▶ **About this task**: Write out the data word for word and drop any picture you find.

------

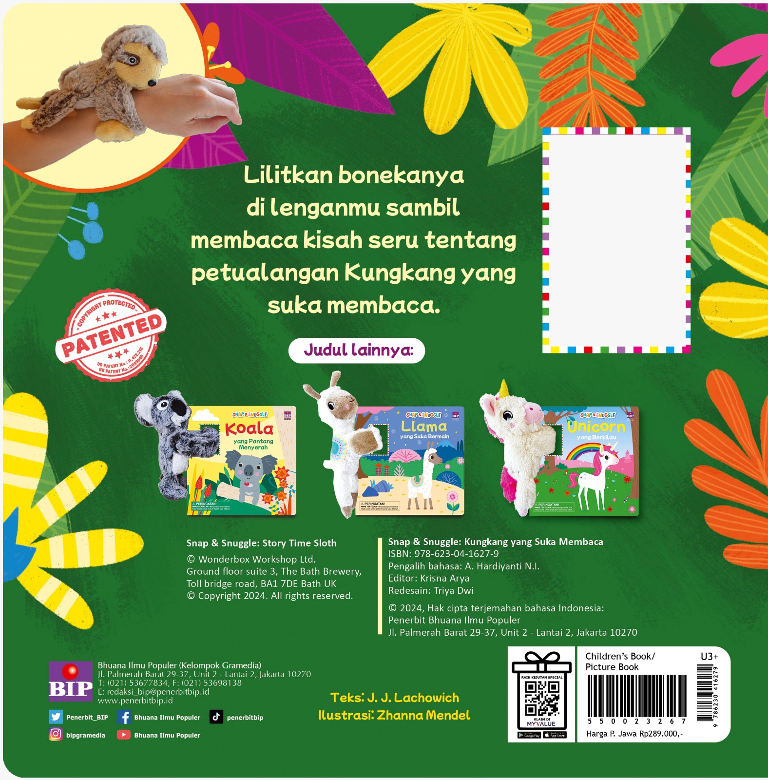 Lilitkan bonekanya di lenganmu sambil membaca kisah seru tentang Kungkang yang Suka Membaca.
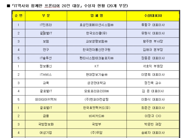 특히, 창간 20주년을 기념하여 제정된 ’IT역사와 함께 한 프론티어 20인 대상‘도 선정하여 시상한다. 20인 대상에 수상자엔 ▲류필구 효성인포메이션시스템 사장(IT인프라부분), ▲유원식 한국오라클 사장(글로벌IT부분), ▲황주현 교보생명보험 부사장(보험부분), ▲김윤 모토로라코리아 사장(글로벌IT부분), ▲석호익 KT 부회장(정보통신부분), ▲이영희 현대정보기술 사장(IT서비스부분), ▲장종준 펜타시스템테크놀로지 사장(IT솔루션부분), ▲정진욱 성균관대학교 교수(교육부분), ▲이화식 엔코아컨설팅 사장(DA부분), ▲신재철 LG CNS 사장(IT서비스부분), ▲김홍선 안철수연구소 사장(정보보안부분), ▲이정규 비씨카드 CIO(금융부분), ▲박준빈 국방부 과장(국방정보화부분), ▲최준근 한국HP 사장(글로벌IT부분), ▲송혜자 우암 사장(여성기업인부분), ▲이인복 이머니 사장(금융정보부분), ▲조종민 포시에스 사장(IT솔루션부분), ▲유시완 하나은행 본부장(금융부분), ▲김채규 한국전자통신연구원 본부장(연구부분), ▲전병현 민주당 국회의원(특별공헌부분) 등이 수상하게 된다.
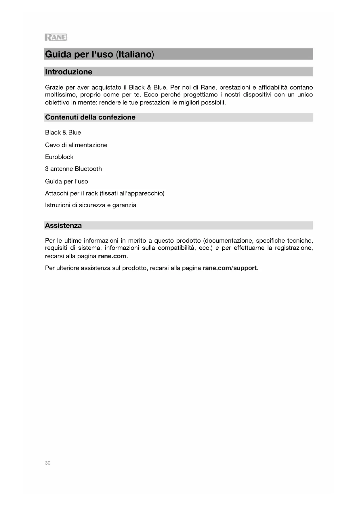 Guida per l'uso (Italiano) Introduzione Grazie per aver acquistato il Black & Blue. Per noi di Rane, prestazioni e affidabilità contano moltissimo, proprio come per te. Ecco perché progettiamo i nostri dispositivi con un unico obiettivo in mente: rendere le tue prestazioni le migliori possibili. Contenuti della confezione Black & Blue Cavo di alimentazione Euroblock 3 antenne Bluetooth Guida per l'uso Attacchi per il rack (fissati all’apparecchio) Istruzioni di sicurezza e garanzia Assistenza Per le ultime informazioni in merito a questo prodotto (documentazione, specifiche tecniche, requisiti di sistema, informazioni sulla compatibilità, ecc.) e per effettuarne la registrazione, recarsi alla pagina rane.com. Per ulteriore assistenza sul prodotto, recarsi alla pagina rane.com/support.31
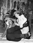 Roped and tied - Miss Evalene Dampier of Tunas, Missouri, who thinks all Texans are liars since one jilted her, gets a lesson in roping a Texas man from Bill Forrest, president of the Madisonville Sidewalk Cattlemen's Association.
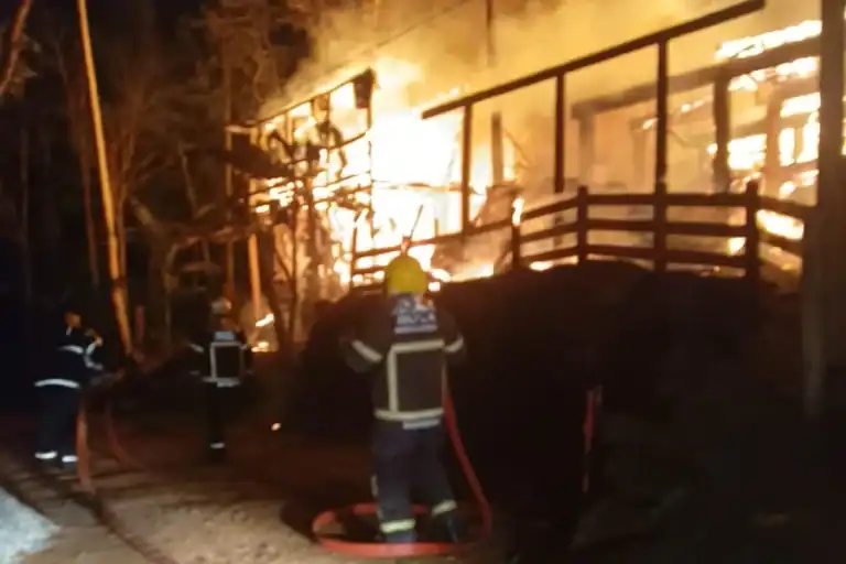 Quando os bombeiros chegaram ao local, encontraram dois imóveis já em chamas: um consultório com cerca de 40 metros quadrados e uma residência de aproximadamente 70 metros quadrados. Ambos estavam situados no mesmo terreno.
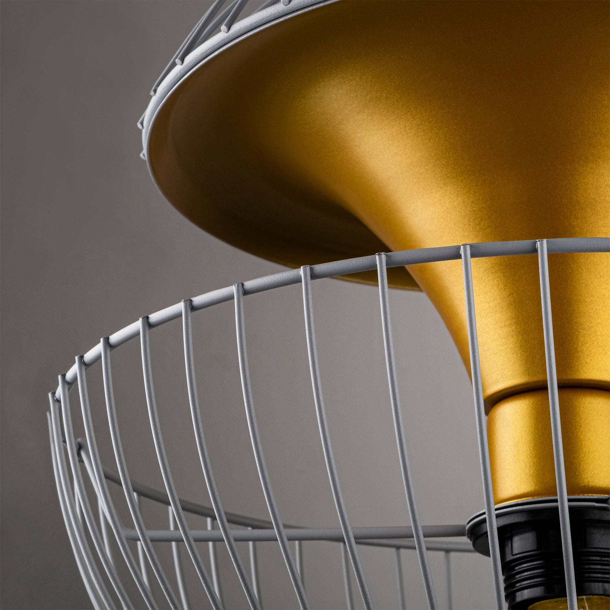 A tampa metálica e a placa de base deste candeeiro dão um toque de elegância e força, tornando-o numa peça de referência que irá cativar os seus convidados. O design elegante e a cor cinzenta sólida criam uma estética moderna e inovadora, perfeita para quem procura um toque contemporâneo.
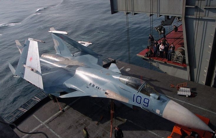 Фото на память после испытаний эксплуатации макета Як-44Э на ТАКР "Тбилиси" пр.11435, сентябрь 1990 г.
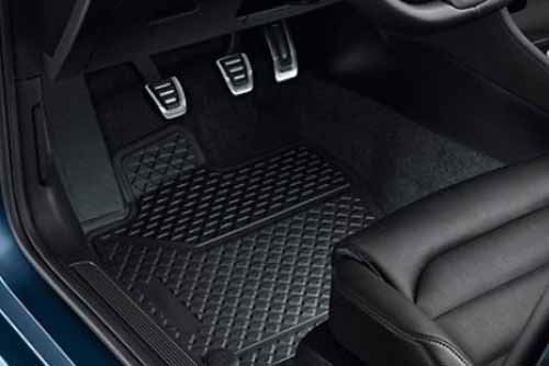 Las alfombrillas universales están hechas exactamente a la medida de los contornos del interior del vehículo. Son muy resistentes, de larga vida útil y presentan una cara inferior antideslizante. Recogen la suciedad y la humedad, que a continuación se pueden eliminar con un sencillo lavado. Un especial toque visual viene dado por la inscripción del vehículo integrada en la parte delantera. El material carece de olor y no genera emisiones.
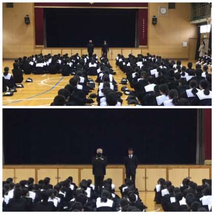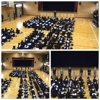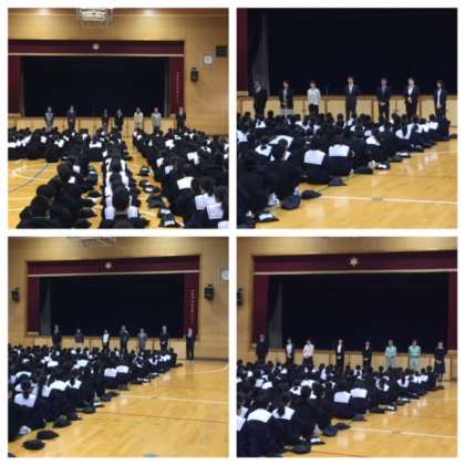 H30年度 始業式が行われました。はじめに春休みの部活動の賞状伝達を行いました。卓球部が、ブロック大会で優秀な成績をおさめました。続いて、着任式が行われました。本年度本校に着任された先生の紹介の後、校長先生からお話を聞きました。年度初めにあたり、電車の中での様子をお話され、人の中で生きていくためには、自分以外の人を意識して、気遣いができる人。そして、自分の意思を伝えられるコミュニケーションを大切にしてほしいというお話でした。生徒主事の泉原先生からは、中学生としての心得をお話していただきました。校長先生から、続いて、学年の先生方の紹介がありました。

------

▶ **Reply to the exercise**:
 Lilitkan bonekanya di lenganmu sambil membaca kisah seru tentang Kungkang yang Suka Membaca.
 특히, 창간 20주년을 기념하여 제정된 ’IT역사와 함께 한 프론티어 20인 대상‘도 선정하여 시상한다. 20인 대상에 수상자엔 ▲류필구 효성인포메이션시스템 사장(IT인프라부분), ▲유원식 한국오라클 사장(글로벌IT부분), ▲황주현 교보생명보험 부사장(보험부분), ▲김윤 모토로라코리아 사장(글로벌IT부분), ▲석호익 KT 부회장(정보통신부분), ▲이영희 현대정보기술 사장(IT서비스부분), ▲장종준 펜타시스템테크놀로지 사장(IT솔루션부분), ▲정진욱 성균관대학교 교수(교육부분), ▲이화식 엔코아컨설팅 사장(DA부분), ▲신재철 LG CNS 사장(IT서비스부분), ▲김홍선 안철수연구소 사장(정보보안부분), ▲이정규 비씨카드 CIO(금융부분), ▲박준빈 국방부 과장(국방정보화부분), ▲최준근 한국HP 사장(글로벌IT부분), ▲송혜자 우암 사장(여성기업인부분), ▲이인복 이머니 사장(금융정보부분), ▲조종민 포시에스 사장(IT솔루션부분), ▲유시완 하나은행 본부장(금융부분), ▲김채규 한국전자통신연구원 본부장(연구부분), ▲전병현 민주당 국회의원(특별공헌부분) 등이 수상하게 된다.
 Guida per l'uso (Italiano) Introduzione Grazie per aver acquistato il Black & Blue. Per noi di Rane, prestazioni e affidabilità contano moltissimo, proprio come per te. Ecco perché progettiamo i nostri dispositivi con un unico obiettivo in mente: rendere le tue prestazioni le migliori possibili. Contenuti della confezione Black & Blue Cavo di alimentazione Euroblock 3 antenne Bluetooth Guida per l'uso Attacchi per il rack (fissati all’apparecchio) Istruzioni di sicurezza e garanzia Assistenza Per le ultime informazioni in merito a questo prodotto (documentazione, specifiche tecniche, requisiti di sistema, informazioni sulla compatibilità, ecc.) e per effettuarne la registrazione, recarsi alla pagina rane.com. Per ulteriore assistenza sul prodotto, recarsi alla pagina rane.com/support.31
 Roped and tied - Miss Evalene Dampier of Tunas, Missouri, who thinks all Texans are liars since one jilted her, gets a lesson in roping a Texas man from Bill Forrest, president of the Madisonville Sidewalk Cattlemen's Association.
 Quando os bombeiros chegaram ao local, encontraram dois imóveis já em chamas: um consultório com cerca de 40 metros quadrados e uma residência de aproximadamente 70 metros quadrados. Ambos estavam situados no mesmo terreno.
 A tampa metálica e a placa de base deste candeeiro dão um toque de elegância e força, tornando-o numa peça de referência que irá cativar os seus convidados. O design elegante e a cor cinzenta sólida criam uma estética moderna e inovadora, perfeita para quem procura um toque contemporâneo.
 Фото на память после испытаний эксплуатации макета Як-44Э на ТАКР "Тбилиси" пр.11435, сентябрь 1990 г.
 Las alfombrillas universales están hechas exactamente a la medida de los contornos del interior del vehículo. Son muy resistentes, de larga vida útil y presentan una cara inferior antideslizante. Recogen la suciedad y la humedad, que a continuación se pueden eliminar con un sencillo lavado. Un especial toque visual viene dado por la inscripción del vehículo integrada en la parte delantera. El material carece de olor y no genera emisiones.
 H30年度 始業式が行われました。はじめに春休みの部活動の賞状伝達を行いました。卓球部が、ブロック大会で優秀な成績をおさめました。続いて、着任式が行われました。本年度本校に着任された先生の紹介の後、校長先生からお話を聞きました。年度初めにあたり、電車の中での様子をお話され、人の中で生きていくためには、自分以外の人を意識して、気遣いができる人。そして、自分の意思を伝えられるコミュニケーションを大切にしてほしいというお話でした。生徒主事の泉原先生からは、中学生としての心得をお話していただきました。校長先生から、続いて、学年の先生方の紹介がありました。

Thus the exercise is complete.